> **WHAT THE TASK ASKS**: Directions for the data below: repeat exactly the lines from the one with "リビングと和室を屋外でつなぐ" through the one with "В пентхаусах предусмотрены", both included, and omit all pictures.

*** Opening of INFORMATION SHOWN ***

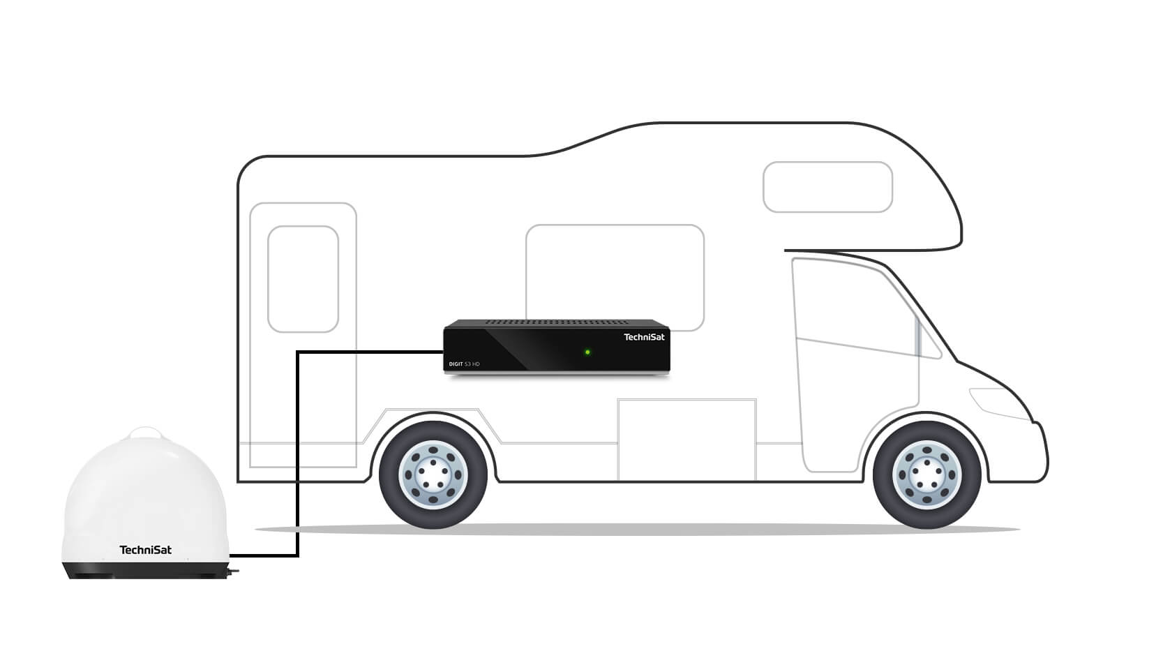 Die SKYRIDER DOME ISI mit Single-LNB versorgt einen Receiver oder Fernseher im Wohnwagen mit Sat-Signalen der Orbitposition Astra 19,2° Ost. Der Strom für die Kuppelantenne kommt dabei direkt vom angeschlossenen Empfangsgerät über das Satkabel. Eine zusätzliche Stromversorgung wird nicht benötigt.
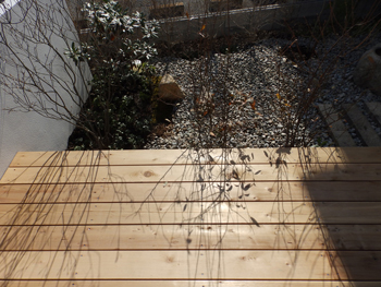 リビングと和室を屋外でつなぐウッドデッキを中心に広がる庭。二つの居室の窓からの風景とデッキに注ぐ風と光と、大らかな広がりを作りながらも、ゆるやかに二つの庭を分けるようなイメージで植えたのが、コバノズイナ・サライブ。普通のコバノズイナに比べて赤味を帯びる花で、もう一つの特徴はやや立ち上り気味に育つ姿。それを活かすようにデッキに沿って二株植えました。
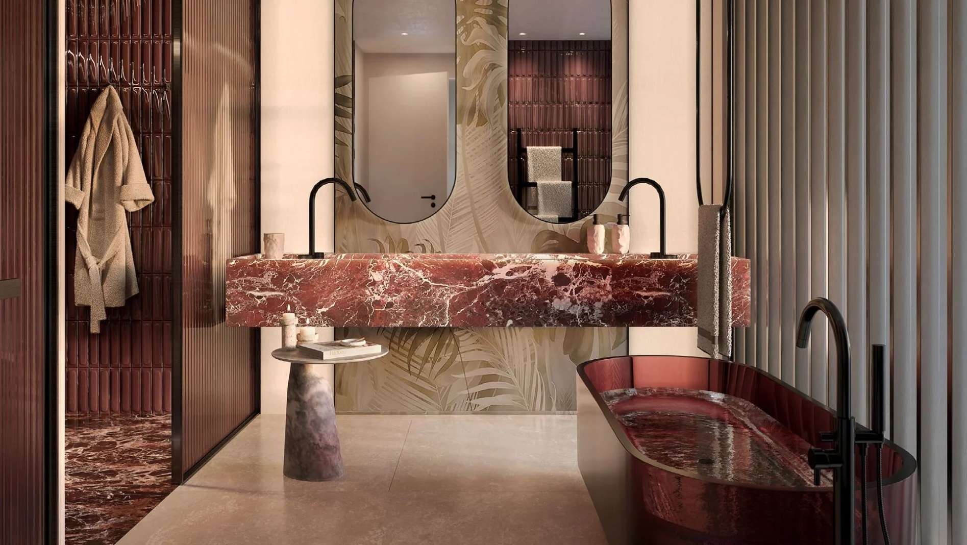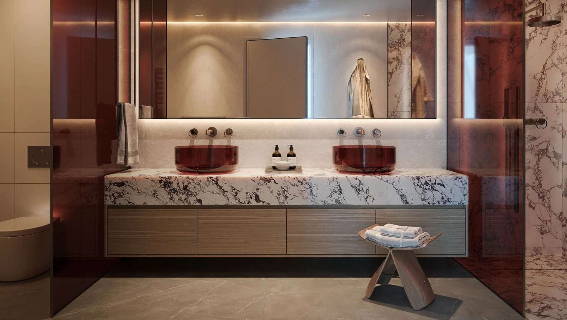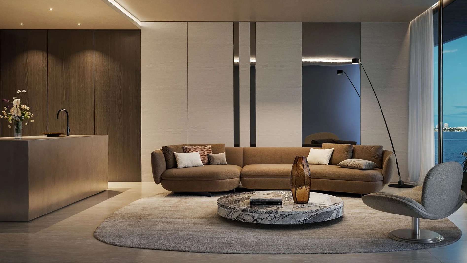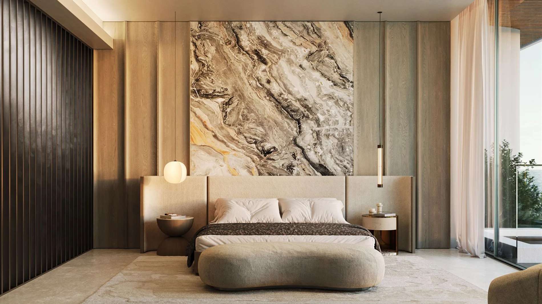В пентхаусах предусмотрены приватные бассейны, высокие потолки и отделка из премиальных материалов, подчеркивающих статус владельца.
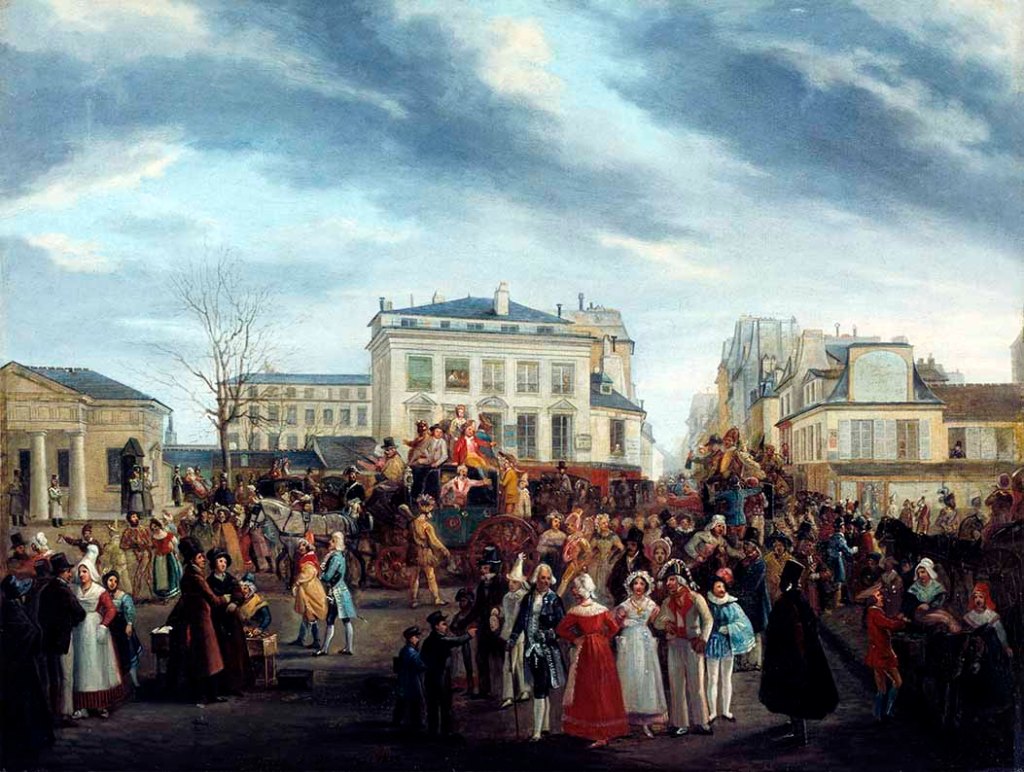 Artus Despagne, La Descente de la Courtille, le mercredi des Cendres 1823 (Musée Carnavalet). Dans l’axe, l’entrée de la rue de Belleville vers l’ouest

*** Close of INFORMATION SHOWN ***

> **ANSWER TO THE PROBLEM**:
 リビングと和室を屋外でつなぐウッドデッキを中心に広がる庭。二つの居室の窓からの風景とデッキに注ぐ風と光と、大らかな広がりを作りながらも、ゆるやかに二つの庭を分けるようなイメージで植えたのが、コバノズイナ・サライブ。普通のコバノズイナに比べて赤味を帯びる花で、もう一つの特徴はやや立ち上り気味に育つ姿。それを活かすようにデッキに沿って二株植えました。
В пентхаусах предусмотрены приватные бассейны, высокие потолки и отделка из премиальных материалов, подчеркивающих статус владельца.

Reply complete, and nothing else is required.